I am a computer science undergraduate student with a strong interest in astrophysics and scientific computing. I love working with Python and using it for data science, scientific computing, and software development.
I have experience with NumPy, Pandas, and scientific Python tools.
I am also comfortable with SQL for data querying and manipulation and have experience solving algorithms.
I have been exploring topics such as spectral timing analysis, wavelet-based signal processing, Biosignature detection in exoplanet atmospheres.
I worked with Unity, where I rendered pipelines such as HDRP (High-Definition Render Pipeline) and URP (Universal Render Pipeline) to build visually rich and optimized environments. Through these projects I explored real-time rendering, lighting systems, and performance optimization, along with integrating gameplay mechanics and 3D scene design.

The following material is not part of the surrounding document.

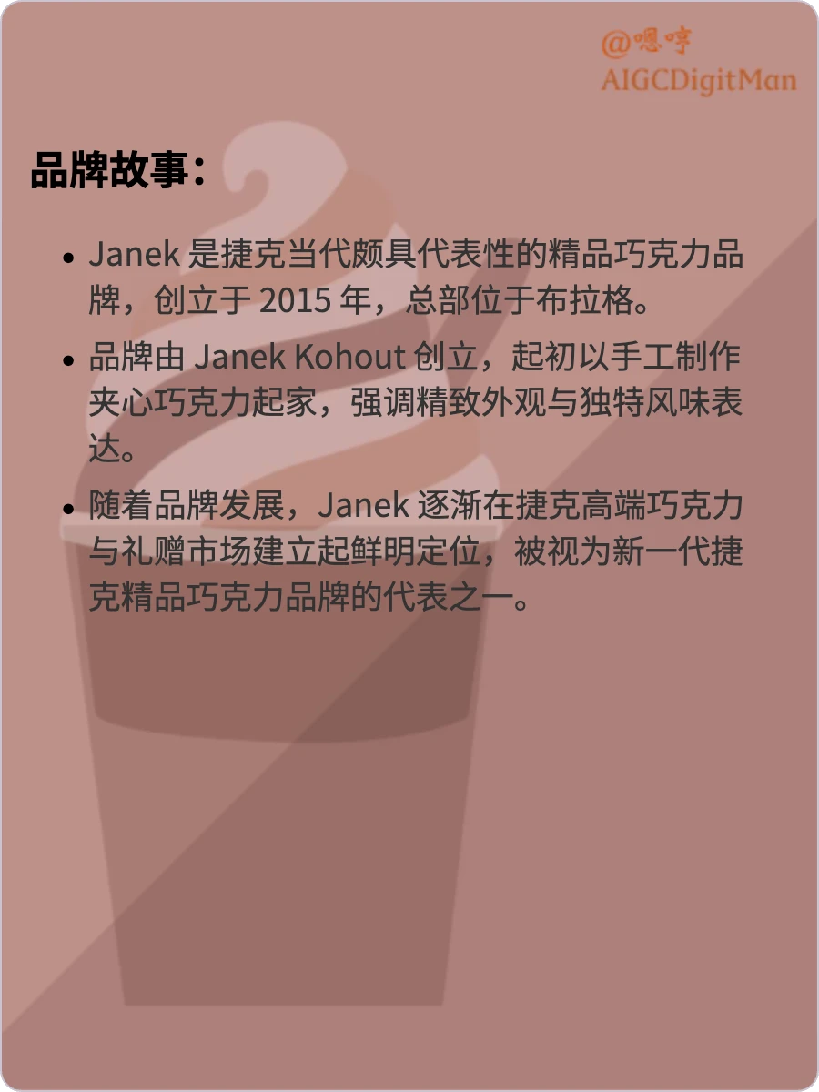 随着品牌发展,Janek 逐渐在捷克高端巧克力与礼赠市场建立起鲜明定位,被视为新一代捷克精品巧克力品牌的代表之一。

I have been contributing to the **Stingray.jl** repository, where I have submitted pull requests for:

- **Mission-specific FITS support** (PR #75): This is a follow up from Kashish srivastava's PR Implementing telescope-specific event file readers for NICER, NuSTAR, XMM-Newton, and RXTE

- **Frequency rebinning** (PR #71): Implementing logarithmic and linear frequency rebinning for `PowerSpectrum` and `LightCurve` objects, enabling proper broadband noise studies

These contributions help me understand the codebase architecture
(EventList -> LightCurve -> Fourier pipeline)

### Interest in OpenAstronomy
Open source astrophysics tools like Astropy, SunPy, and Stingray have made advanced astronomical data analysis available to researchers worldwide.

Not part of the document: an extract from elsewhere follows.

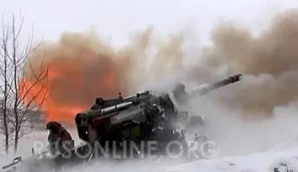 В боях под Артёмовском наш танк бьёт по украинским боевикам в упор:

1. I'm interested in Stingray.jl because X-ray timing studies, like QPOs in black holes and pulsars, help us understand physics in extreme gravitational environments.

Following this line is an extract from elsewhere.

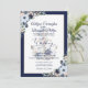 Magnifique faire-part de mariage à thème nautique, côtier ou plage avec ancre florale aquarelle et bouquets floraux dans les couleurs bleu marine, blanc et rose poussiéreux, typographie script de calligraphie et une bordure dorée et bleu marine champagne sur le devant. L'arrière comporte les initiales monogrammes du couple et ancre contre un arrière - plan en marbre bleu. AIDE : Pour obtenir de l'aide sur la modification/personnalisation de la conception ou le transfert de la conception à un autre produit ou si vous souhaitez coordonner des éléments, contactez le concepteur AVANT DE COMMANDER via Zazzle Conversation ou makeitaboutyoustore@gmail.com.

2. Julia's performance and scientific computing capabilities make it ideal for processing massive datasets from missions like XRISM and the future Athena observatory.

3. Contributing to this project would help build on the existing work and move closer to completing a full spectral-timing analysis pipeline for the community.


### 1.0 Project Overview

#### 1.1 Problem Statement

The Stingray Python package ([Huppenkothen et al. 2019](https://ui.adsabs.harvard.edu/abs/2019ApJ...881...39H)) provides a comprehensive suite of spectral timing tools used by hundreds of X-ray astronomers worldwide. However, for computationally intensive analyses -- such as computing averaged cross spectra over thousands of segments from multi-megabyte event files -- Python's overhead becomes a bottleneck.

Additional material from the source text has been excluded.